* Problem details: Everything from the line with "He didn’t have" to the end of the entries should be set down exactly, except the pictures.

* Source material:
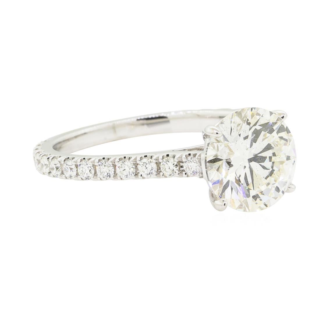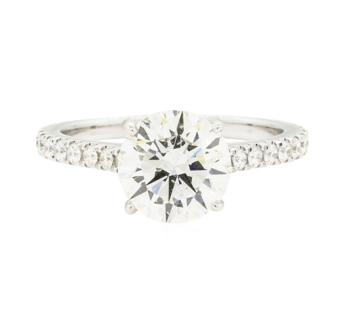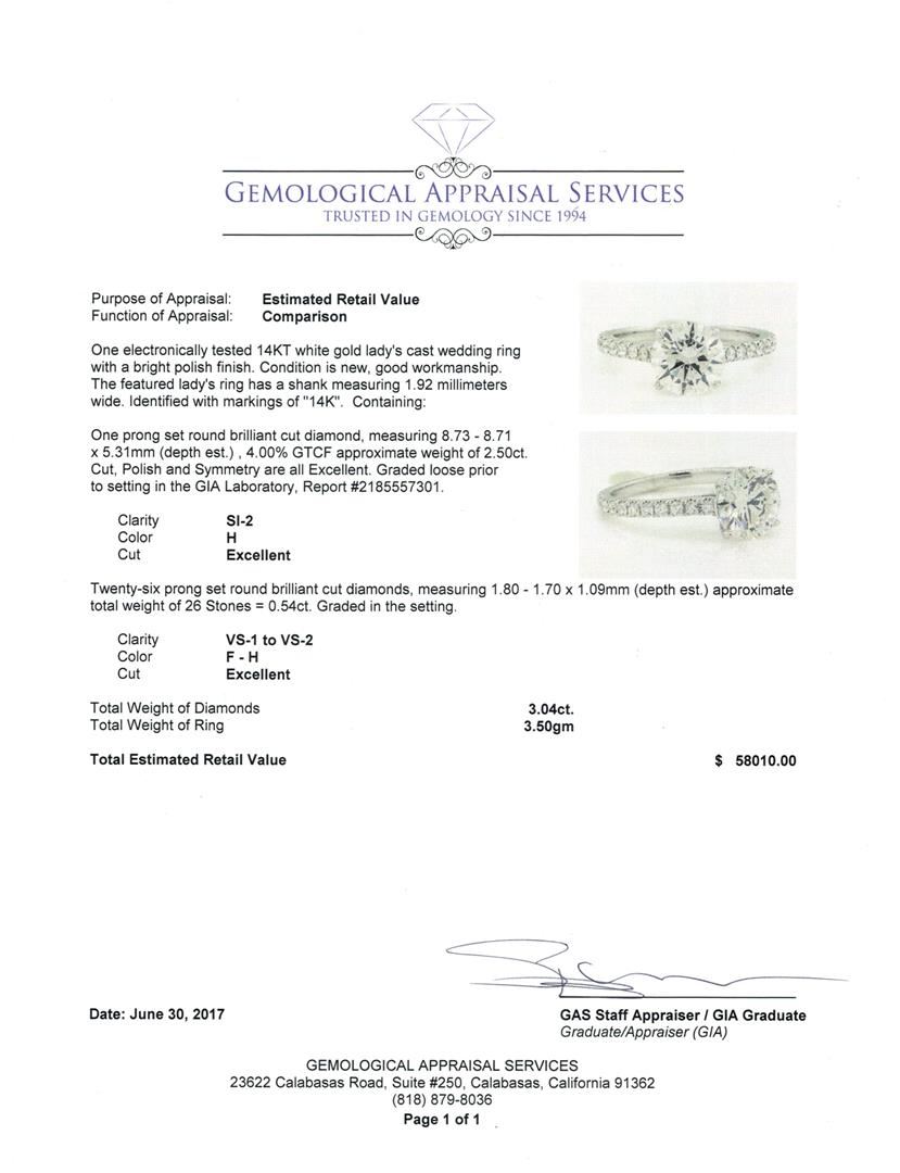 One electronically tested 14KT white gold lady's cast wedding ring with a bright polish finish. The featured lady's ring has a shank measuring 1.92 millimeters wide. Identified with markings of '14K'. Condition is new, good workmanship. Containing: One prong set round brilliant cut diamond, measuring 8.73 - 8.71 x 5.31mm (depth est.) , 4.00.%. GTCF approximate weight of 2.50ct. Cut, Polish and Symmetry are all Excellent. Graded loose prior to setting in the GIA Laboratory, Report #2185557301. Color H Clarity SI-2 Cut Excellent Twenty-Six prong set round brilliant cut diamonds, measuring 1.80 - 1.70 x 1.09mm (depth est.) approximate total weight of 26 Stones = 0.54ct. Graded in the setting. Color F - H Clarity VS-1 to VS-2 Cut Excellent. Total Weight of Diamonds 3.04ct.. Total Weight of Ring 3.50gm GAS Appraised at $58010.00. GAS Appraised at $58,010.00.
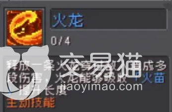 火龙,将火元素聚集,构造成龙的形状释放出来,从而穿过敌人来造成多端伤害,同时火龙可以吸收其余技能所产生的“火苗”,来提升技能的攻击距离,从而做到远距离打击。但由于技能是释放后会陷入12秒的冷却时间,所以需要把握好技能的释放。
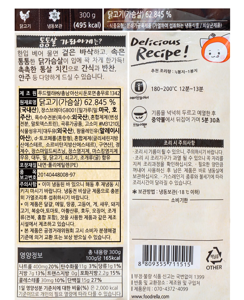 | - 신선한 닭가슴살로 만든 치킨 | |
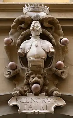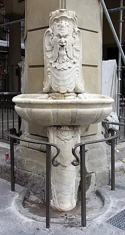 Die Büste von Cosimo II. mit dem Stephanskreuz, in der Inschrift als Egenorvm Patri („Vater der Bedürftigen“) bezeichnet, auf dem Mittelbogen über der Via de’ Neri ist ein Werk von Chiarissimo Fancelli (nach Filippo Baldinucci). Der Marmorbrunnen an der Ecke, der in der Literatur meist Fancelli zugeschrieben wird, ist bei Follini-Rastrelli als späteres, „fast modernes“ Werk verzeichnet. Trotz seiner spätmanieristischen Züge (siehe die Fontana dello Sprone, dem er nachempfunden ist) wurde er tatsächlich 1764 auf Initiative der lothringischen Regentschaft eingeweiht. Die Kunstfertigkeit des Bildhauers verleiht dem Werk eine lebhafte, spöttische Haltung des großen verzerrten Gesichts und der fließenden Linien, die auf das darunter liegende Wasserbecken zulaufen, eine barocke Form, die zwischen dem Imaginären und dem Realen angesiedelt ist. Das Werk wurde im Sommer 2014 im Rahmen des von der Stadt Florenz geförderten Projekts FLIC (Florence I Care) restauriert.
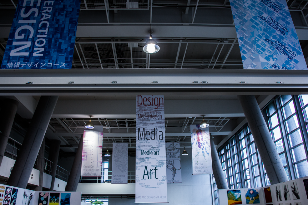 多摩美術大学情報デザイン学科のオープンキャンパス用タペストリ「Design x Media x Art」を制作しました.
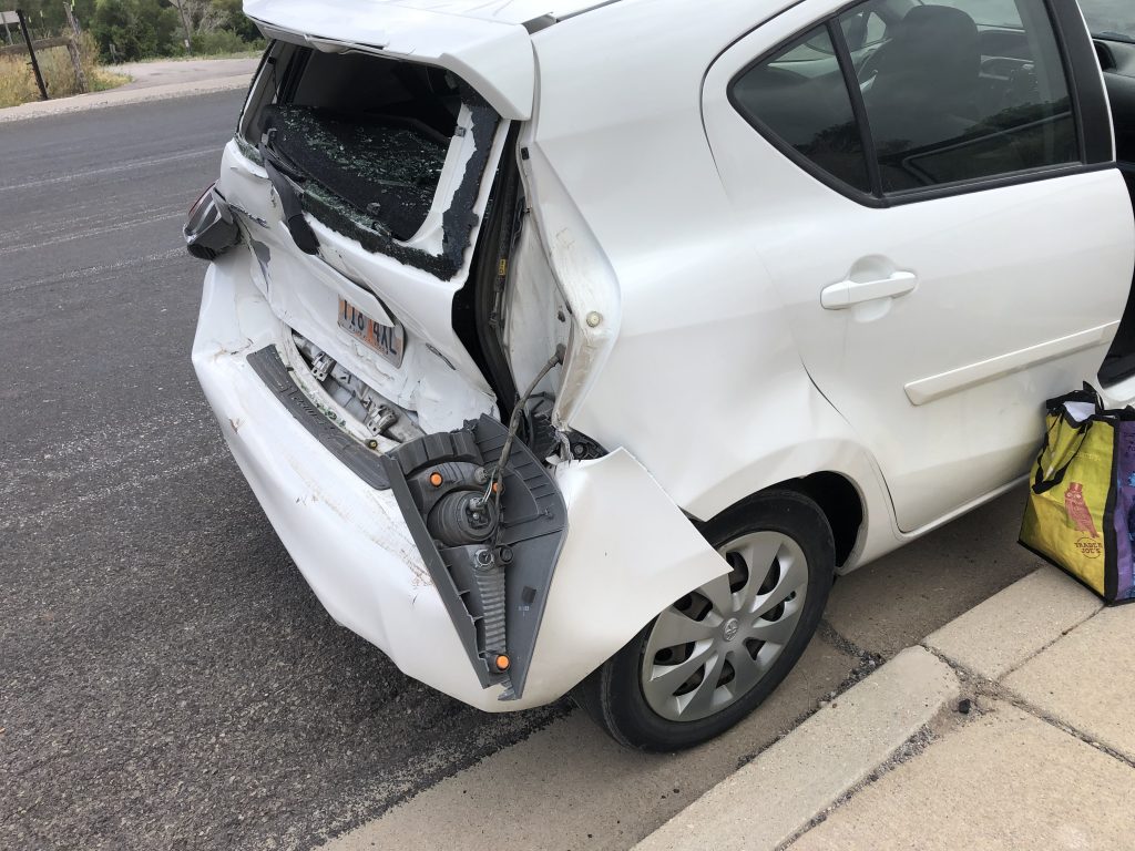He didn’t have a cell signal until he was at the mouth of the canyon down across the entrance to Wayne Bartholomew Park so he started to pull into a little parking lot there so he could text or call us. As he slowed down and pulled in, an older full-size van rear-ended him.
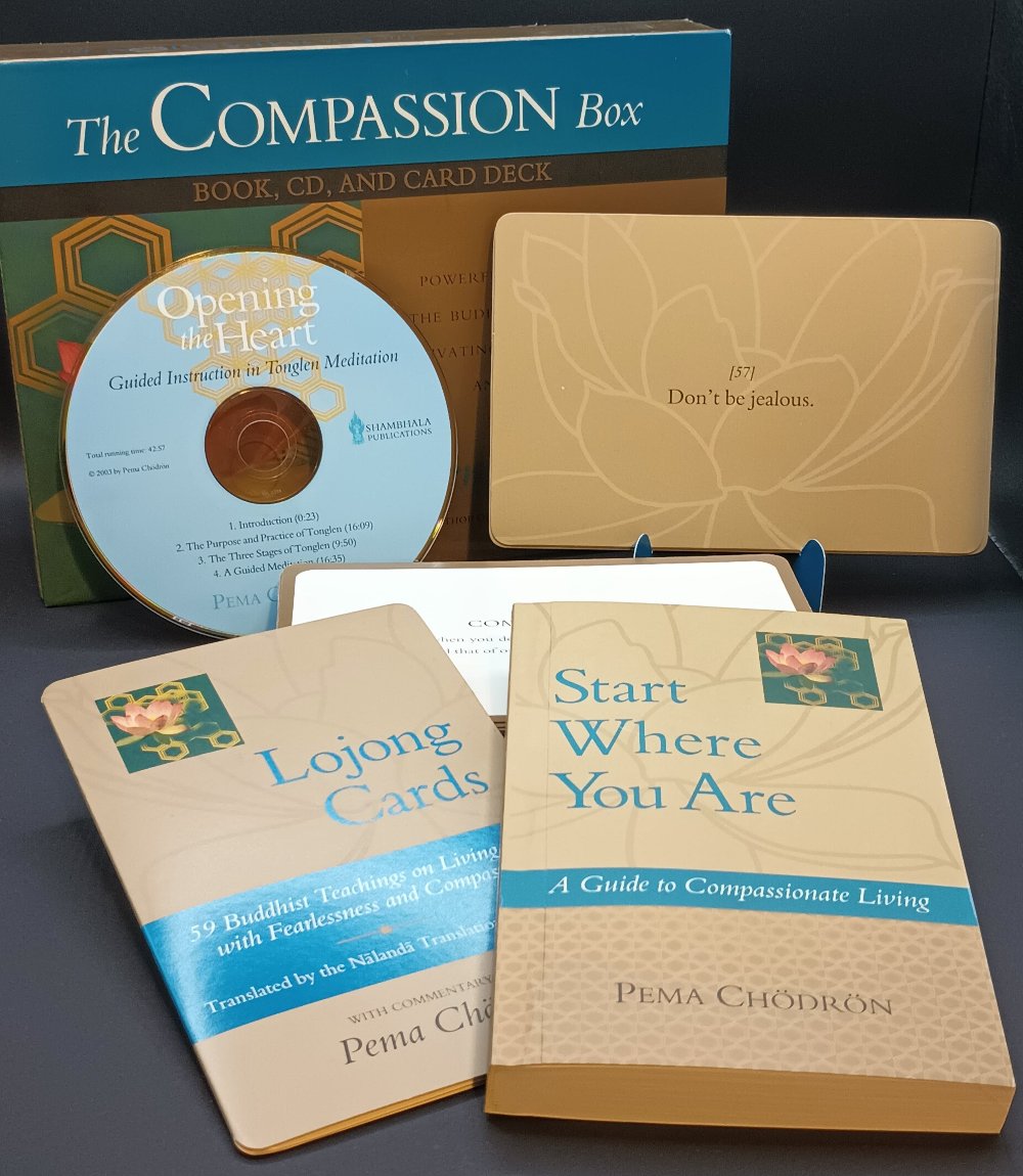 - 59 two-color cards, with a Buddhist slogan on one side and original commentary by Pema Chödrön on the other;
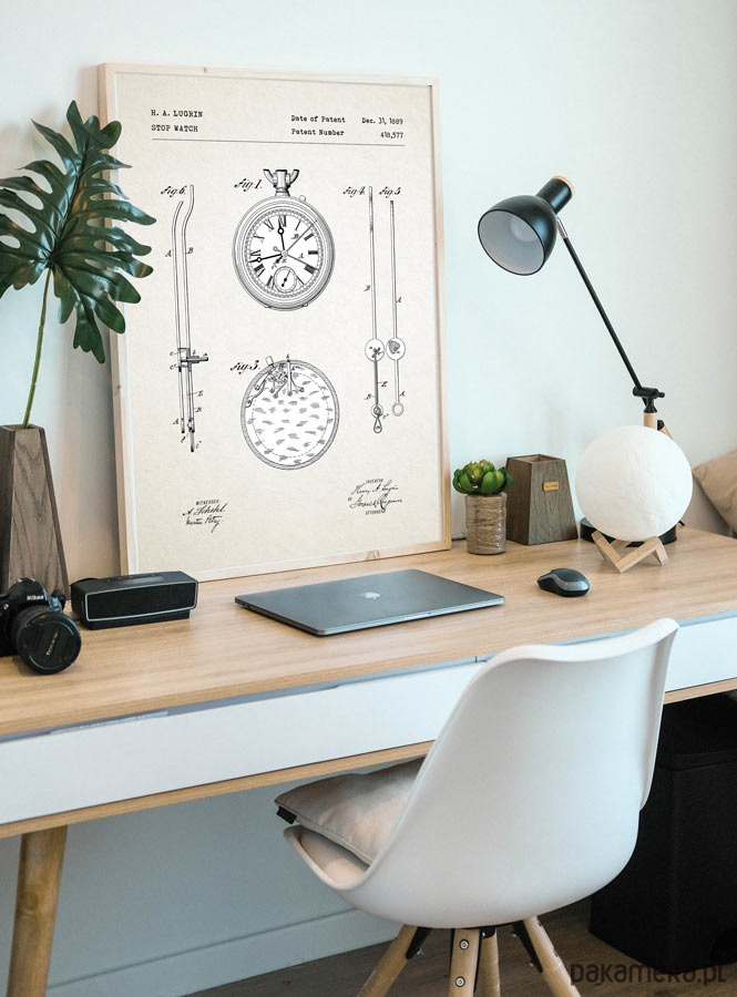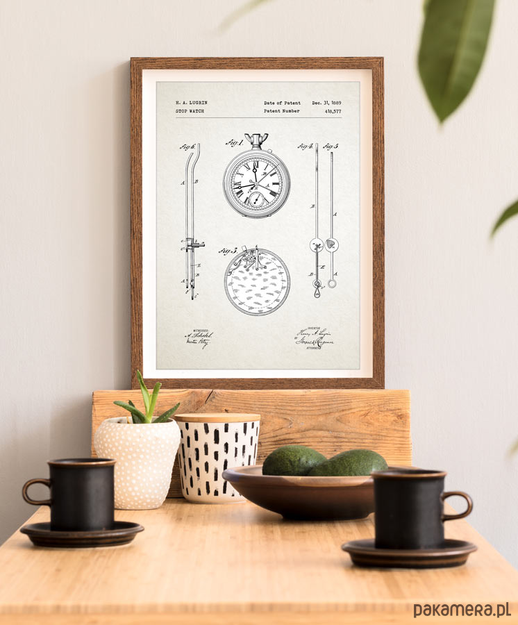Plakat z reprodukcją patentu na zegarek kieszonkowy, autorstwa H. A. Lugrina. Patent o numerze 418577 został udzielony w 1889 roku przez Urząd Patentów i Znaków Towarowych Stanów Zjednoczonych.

* Reply to the exercise:
He didn’t have a cell signal until he was at the mouth of the canyon down across the entrance to Wayne Bartholomew Park so he started to pull into a little parking lot there so he could text or call us. As he slowed down and pulled in, an older full-size van rear-ended him.
 - 59 two-color cards, with a Buddhist slogan on one side and original commentary by Pema Chödrön on the other;
Plakat z reprodukcją patentu na zegarek kieszonkowy, autorstwa H. A. Lugrina. Patent o numerze 418577 został udzielony w 1889 roku przez Urząd Patentów i Znaków Towarowych Stanów Zjednoczonych.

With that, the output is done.